A method and system for improving the context and accuracy of speech and video analytics searches by incorporating one or more inputs and defining and applying a plurality of rules for the different stages of said speech and video analytics system searches.

Description

    CROSS-REFERENCE TO RELATED APPLICATIONS
  • This application claims the benefit under 35 USC 119(e) to U.S. Provisional Application Ser. No. 61/049,670 USING DYNAMIC RULES FOR PRE AND POST SPEECH ANALYTICS SEARCHES AND FOR SPEECH GRAMMAR AND EXPRESSIONS filed May 1, 2008, which is incorporated herein by reference for all purposes.
  • FEDERALLY SPONSORED RESEARCH
  • Not applicable
  • SEQUENCE LISTING OR PROGRAM
  • Not applicable
  • TECHNICAL FIELD
  • The invention relates generally to computer software and more particularly where live and recorded audio and video are used in storage, search and retrieval
  • BACKGROUND OF THE INVENTION Prior Art
  • Search and analysis of audio and video containing recorded audio are used by government and military agencies such as Homeland Security and National Security Agency for proactively monitoring and collecting actionable intelligence from live and recorded data and quickly responding to critical security threats and law enforcement issues. In the commercial arena, it is used for analytics of live and recorded audios and videos in Contact Center applications, Rich Media applications which include audio and video, and Legal applications so that actionable intelligence can be applied to improving customer service, pro-active problem resolution, large media search where a library of multimedia content is searchable and accessible and in legal applications for legal discovery and compliance review respectively. It has been generally recognized that extracting information of specific interest in a cost efficient manner in mining audio and video data can be a challenging task. U.S. Pat. No. 7,526,425 Method and system for extending keyword searching to syntactically and semantically annotated data elaborates the difficulty in searching large sets of unstructured data and proposes a method for extending keyword searching to syntactically and semantically annotated data. Most audio and video mining systems are restricted in their ability to incorporate rules during different stages of audio and video mining and incorporating data from external sources.

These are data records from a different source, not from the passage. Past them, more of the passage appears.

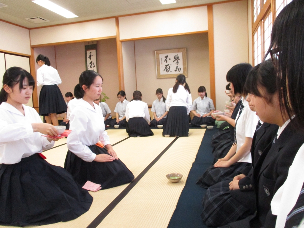 茶道部は、現在1年生2名、2年生3名、3年生7名で毎週金曜日に田畑先生をお招きして活動を行っています。日頃の活動はお点前、挨拶の仕方と礼儀作法を教わり、高文連のお茶席、文化祭のお茶席などで実演を行います
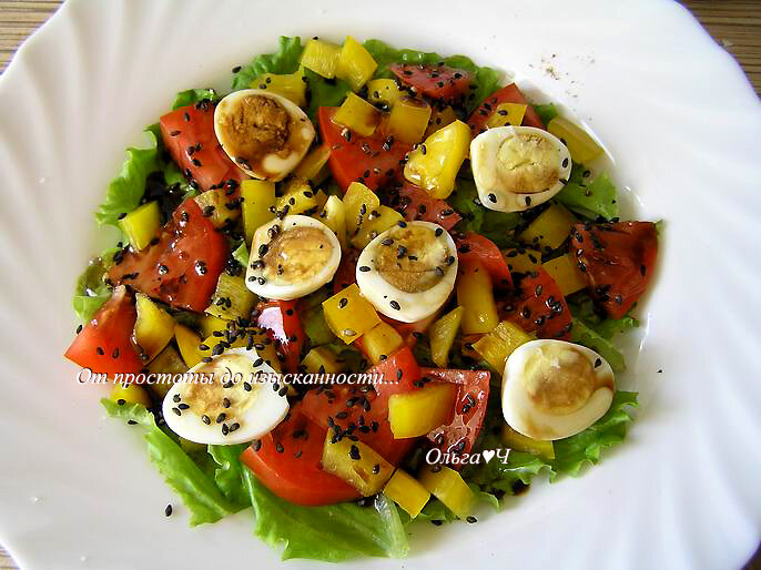 Сверху выложите перепелиные яйца, разрезанные пополам, посыпьте кунжутом.
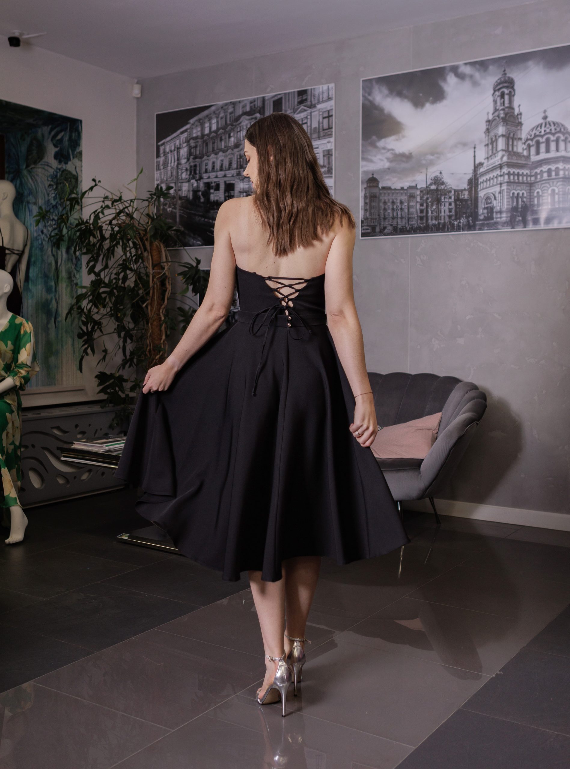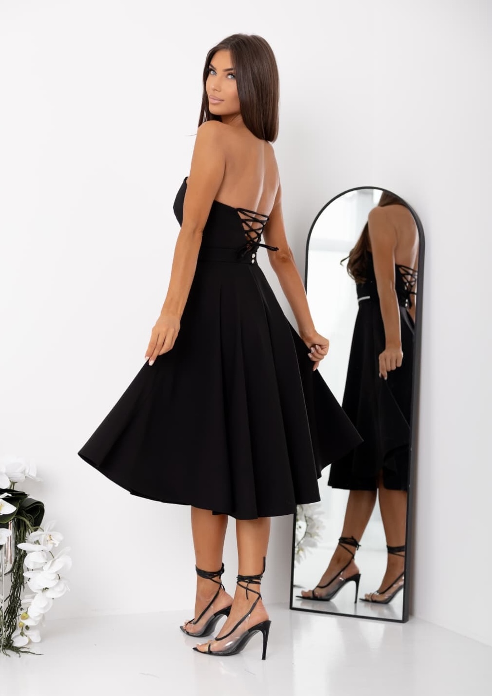 Elegancka sukienka gorsetowa midi w ponadczasowej czerni. Modna i wygodna długość midi – do połowy łydki. Sukienka bez ramiączek z gorsetem usztywnionym pionowymi fiszbinami. Tył sznurowany gorsetowo – dzięki wiązaniu na plecach idealnie dopasujesz rozmiar sukienki do siebie. W zestawie dołączone ramiączka. Odcięcie w talii. W zestawie ozdoby pasek ze srebrnym zdobieniem, zapinany na guziczki. Dół lekki, zwiewny, rozkloszowany. Pięknie wiruje w ruchu.
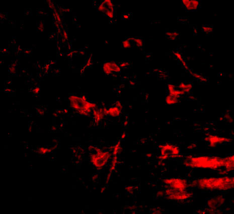 Immunofluorescence of RCAN2 in mouse brain tissue with RCAN2 antibody at 20 μg/mL. |
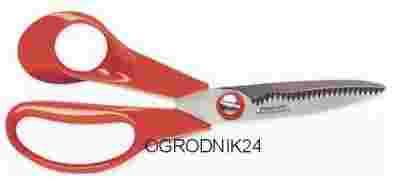 Przeznaczone do przecinania opakowań produktów spożywczych oraz cięcia warzyw. Ząbkowane, faliste ostrze zapobiega wyślizgiwaniu się przecinanego materiału spomiędzy ostrzy. Profil rękojeści oraz ustawienie ostrzy dostosowane dla osób leworęcznych.
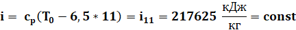 T0 = 288,15 K; cp = 1004,5 /кг*K; i0 = 289447
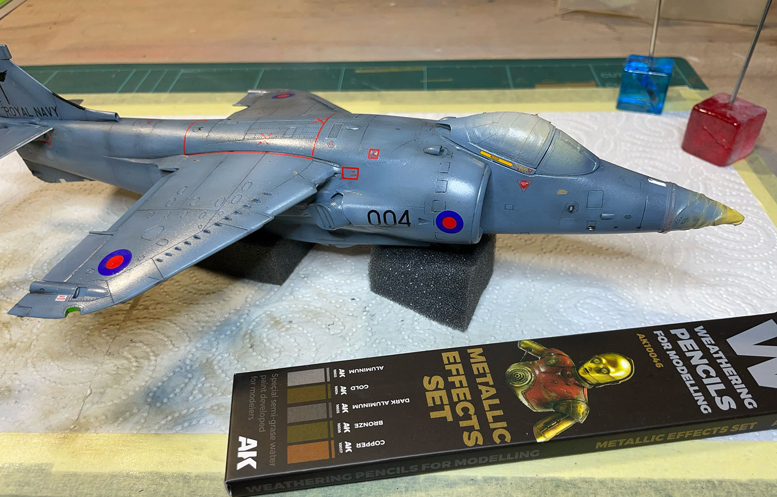 Moin in die Runde. Bestimmt gibt es schon einen Thread, aber auf die Schnelle fand ich nicht den tiefverzweigten Weg dahin. Meine Frage: ich möchte mich mal mit Aquarell-Stiften (Wasserfarbe) an meinem Modell versuchen. Decals sind drauf, Panel-Wash fertig, nun mit Humbrol-Clear versiegelt.
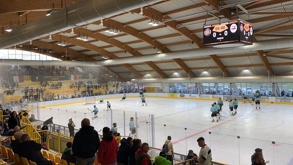 41' Ultimo tempo: occhio a chi segna per primo... Si torna sul ghiaccio mentre lo speaker spara "Sarà perché ti amo..."
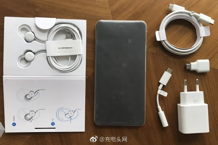 從圖片上看,分別有USB Type-C耳機、Pixel 3 XL 、雙頭USB Type-C數據線、USB Type-C轉3.5mm音頻接口線、USB-C OTG轉接頭、歐規插頭充電器。
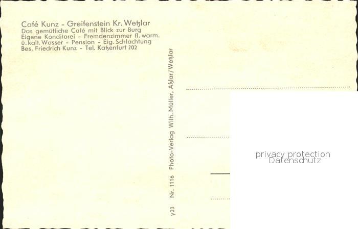 72096027 Greifenstein Hessen Cafe Kunz mit Burgblick postalisch nicht gelaufen Erhaltung siehe scans KatCode: 11110006532010
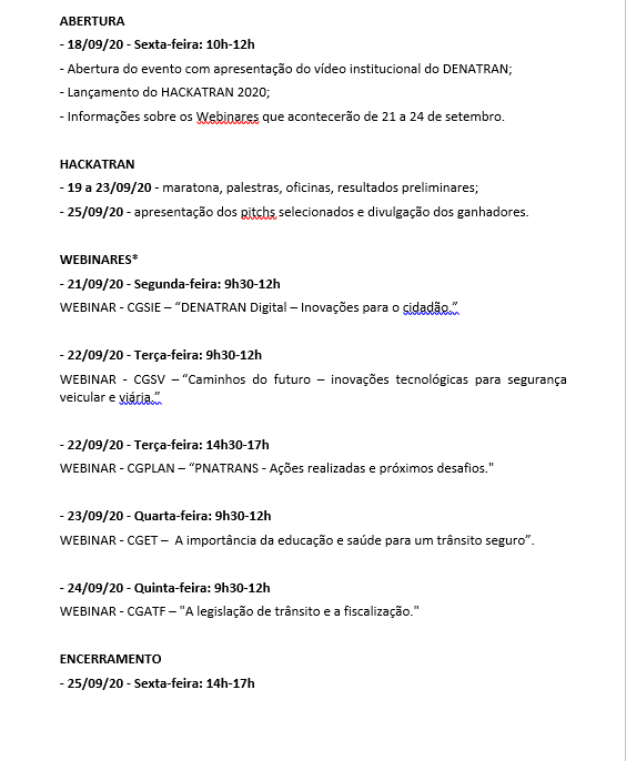 Aproveitamos ainda para apresentar a programação da Semana Nacional de Trânsito 2020, que será realizada pelo DENATRAN:
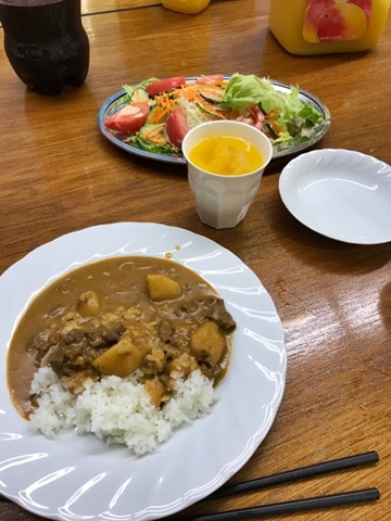 今日の夕食は、僕が作ったスペシャルカレーとサラダ。
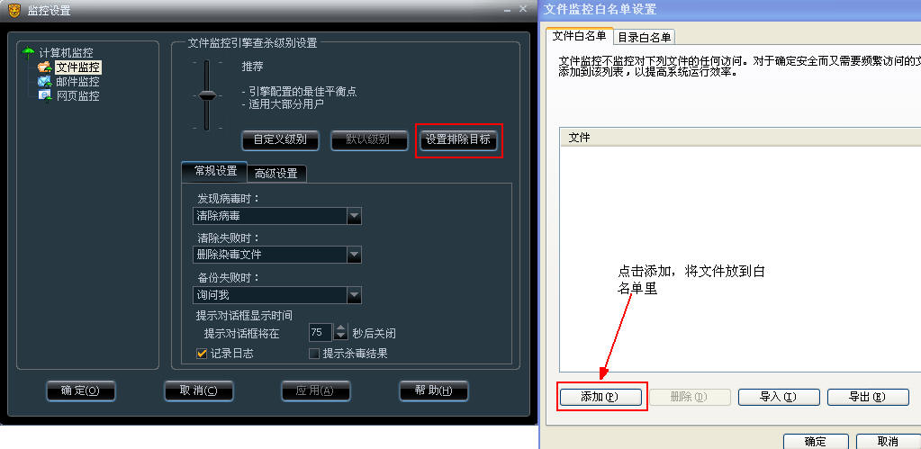2.在正常的使用过程中,瑞星的监控报毒,同样一方面上报瑞星,一方面通过设置不监控该文件,具体设置如图:
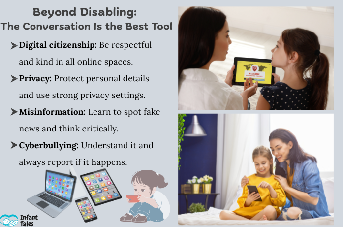 Turning off parental controls is only the first step. What matters most afterward is building trust and guiding your child through digital responsibility. Instead of acting only as a digital gatekeeper, your role gradually shifts into becoming a digital mentor.
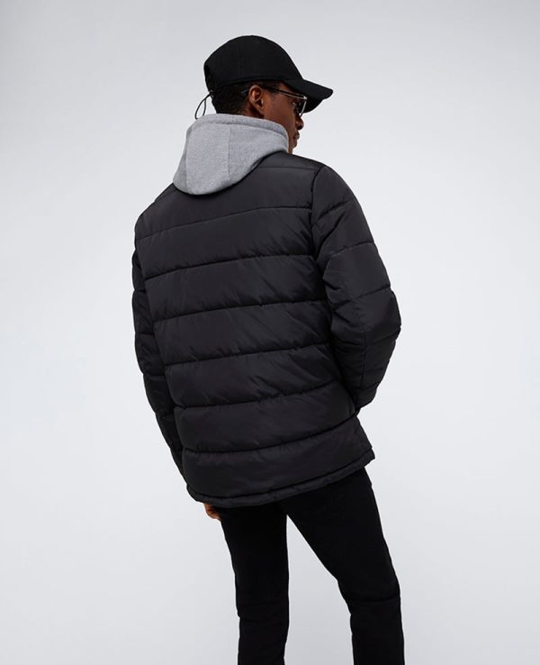 - Shell: 100% polyester; Lining: 100% polyester; Fill: 100% polyester; Hood bib: 100% polyester
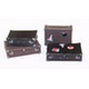 Gray resin makings for four suitcases, along with decals for decoration.
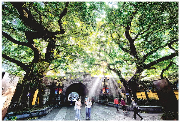 桂林最近天气晴好,冬日阳光肆意播撒在城市里。日前在靖江王城东华门附近,太阳光穿过树梢洒落下来,形成如梦似幻的光影效果。 通讯员李腾钊 摄
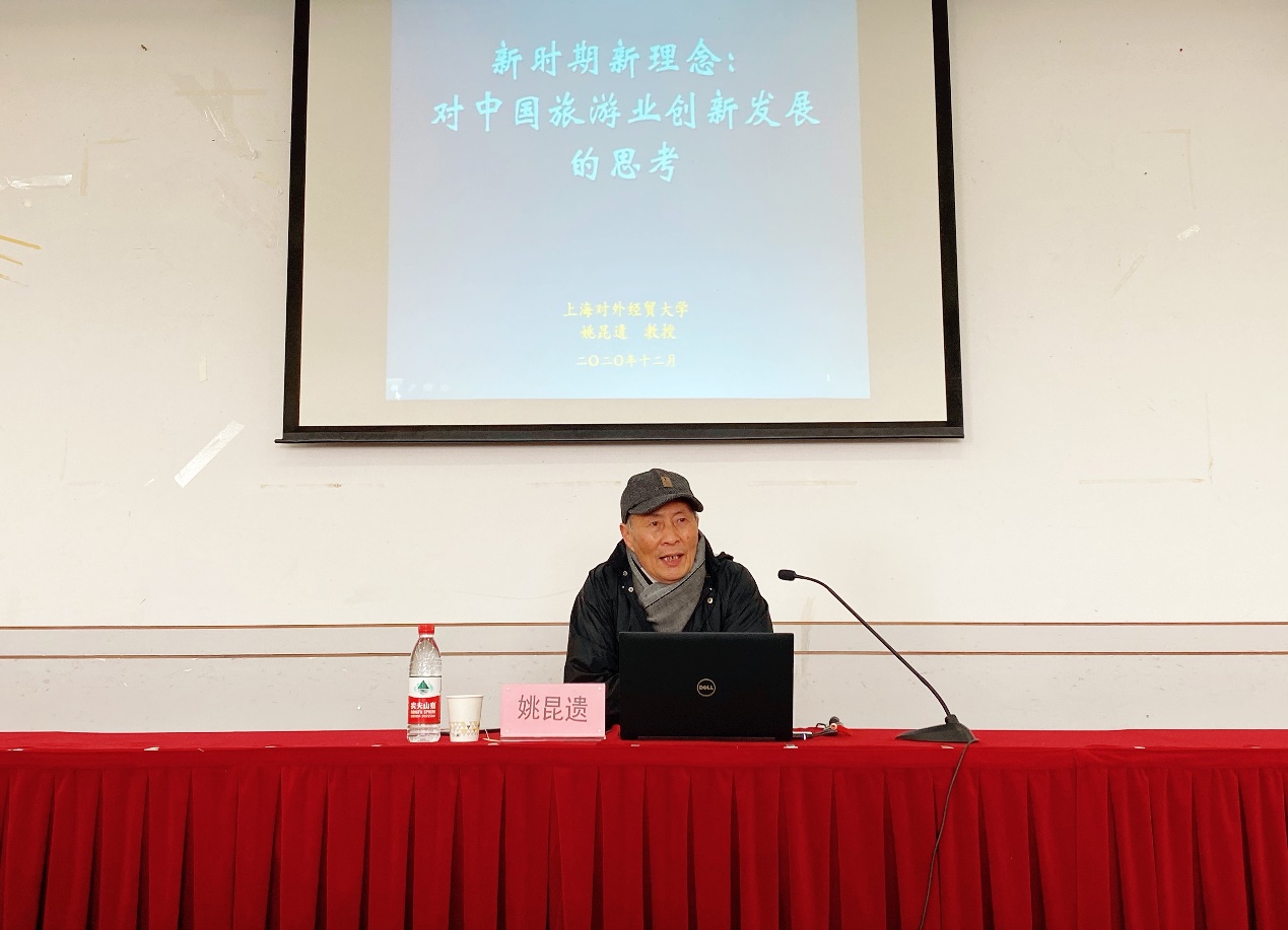 2020年12月4日上午,姚昆遺教授以《新時期新理念:對中國旅游業創新發展的思考》為題,暢談新時期旅游業的變化以及疫情后對旅游業的探索。姚教授從中國旅游業發展的新時期、疫情后對旅游和旅游業的再思考、引領中國旅游業發展的新理念、上海都市旅游的創新探索等四個方面進行了闡述,深刻解讀了“全域旅游”的內涵與外延,指出中國旅游業已經成為了國民經濟支柱產業,全域旅游已經成為了旅游業發展的國家戰略。通過姚教授的講座,同學們對我國旅游業有了更全新的認識,也給同學們的旅游研究提供了靈感與方向。講座由劉少湃老師主持。

  • Speech Analytics is a term used to describe automatic methods of analyzing speech, usually from recorded conversations, to extract useful information about the speech content or the speakers. One use of speech analytics applications is to spot spoken keywords or phrases, either as real-time alerts on live audio or as a post-processing step on recorded speech. This technique is also known as audio mining. Speech Analytics allows us to search terms of interest to:
  • Locate where in the audio the search term was said
  • Locate how many ‘hits’ of the search term occurred
  • Categorizing and prioritizing the search terms etc.
  • Speech Grammar is a collection of symbols and guidelines that can be used to build and order complex phrases for searching (speech mining). For example (hi or hello or good morning or good afternoon) and (thanks or thank you) for calling
  • Speech Expressions are expressions build using the speech grammar or alternative notations for example Regular Expressions.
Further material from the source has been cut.